Compartimos la conferencia completa que brindó María Moreno cuando recibió el Doctorado Honoris Causa de la UNC, el 23 de septiembre de 2025.

No al veto, es la frase imprescindible, mantra político que me impide empezar por el cantado GRACIAS ante el honor que se me confiere y antes de que el síndrome del impostor me haga sentir como el personaje de aquella vieja película nacional titulada Cristóbal Colón en la facultad de Medicina protagonizada por Pepitito Marrone (ya hablaré de esto a su tiempo). Honoris causa –vengo con mis cucardas– orgullo disca, columna monstri, cronista todera –el autodidacta no es el que aprende de sí mismo sino el que elige sus maestros, me sopla Germán García–. Los míos son Rodolfo Walsh de quien hablaré mañana y Enrique Raab, declarado marxista miembro del PRT hoy detenido y desaparecido y que, por esas mitologías tan argentinas como que Gardel era uruguayo y Cortázar, belga, era vienés. En realidad tendría que agregar a Miguel Brascó pero tengo miedo de que su fantasma me venga a tirar de los pies.

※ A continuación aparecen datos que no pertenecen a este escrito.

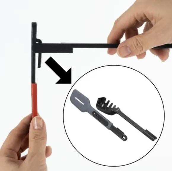 allt du behöver varje dag – från tång och kniv, via ett verktyg för att skala örter och separera gulor, till en spatel, mortelstöt, en pastasked och en vändare för att vända mat. Enheten är lätt att fälla ut och ihop
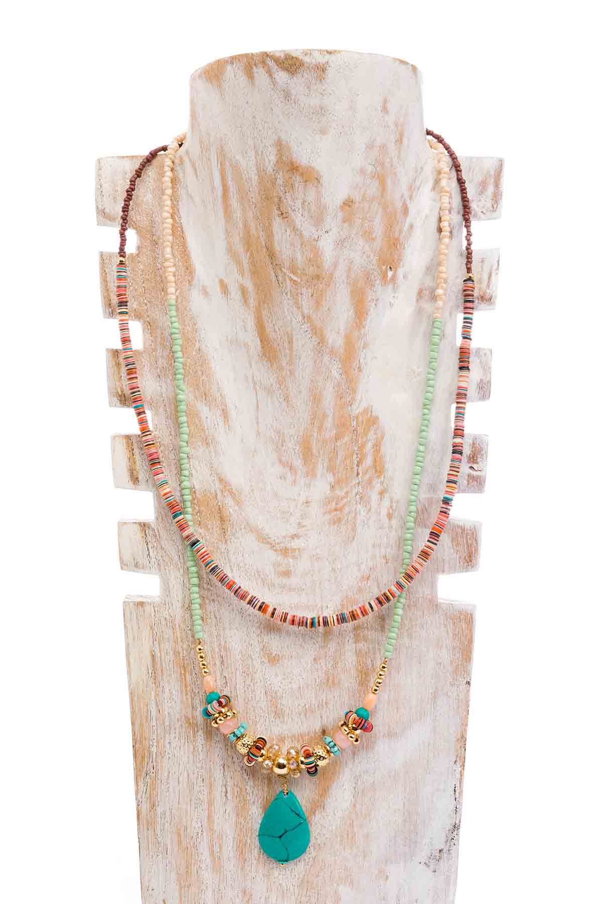COLLAR DE DOS VUELTAS CON ABALORIOS DE COLORES Y METAL TERMINADO EN PIEDRA CON TONALIDAD AZUL

Y en el GRACIAS aparece un sentimiento de culpa. ¡Sombra terrible de mi madre voy a evocarte! De origen pobrísimo, como escrito por Edmundo Damicis, casi la estoy oyendo decir “¡honoris causa, qué barbaridad!, ¡honoris chanta debían darle! ¡Si se pasó veinte años sentada en bar, debe ser que tiene una cuña con los cordobeses! A continuación la veo la saga competitiva de sucesivas imágenes: la débil luz de una vela en la pieza de conventillo que compartía con sus padres, la ayuda del carnicero para hacer las cuentas en la primaria, la falta de dinero para solventar los  gastos de un vestido blanco, destinado a formar parte de una coreografía del arco iris en un acto escolar, entonces le pusieron una camiseta, el ingreso a Exactas donde desaprobó medicina, pero se anotó en química, la ayuda de los profesionales judíos del barrio Once que la llamaban Ruth la moabita porque pertenecía a otra tribu, conocer el mar a los treinta años. Por fin el deseado título de doctora. “Dra. Forero” lo hacía sonar como un latigazo. Andaba siempre en guardapolvo por si la confundían con médica o maestra. Porque también adoraba enseñar. Hizo de un lavavidrios comunista un químico empírico, a un Papa y a un gremialista pistolero que aparece dando testimonio en ¿Quién mató a Rosendo? Mi madre lo vio con ametralladora en ristre cuando vino a intervenir Bromatología durante el gobierno de Cámpora. Ella que fue su jefa intervenida le enseñó los términos profesionales que él debía usar en los discursos, lástima que en vez de PH dijo HDE P.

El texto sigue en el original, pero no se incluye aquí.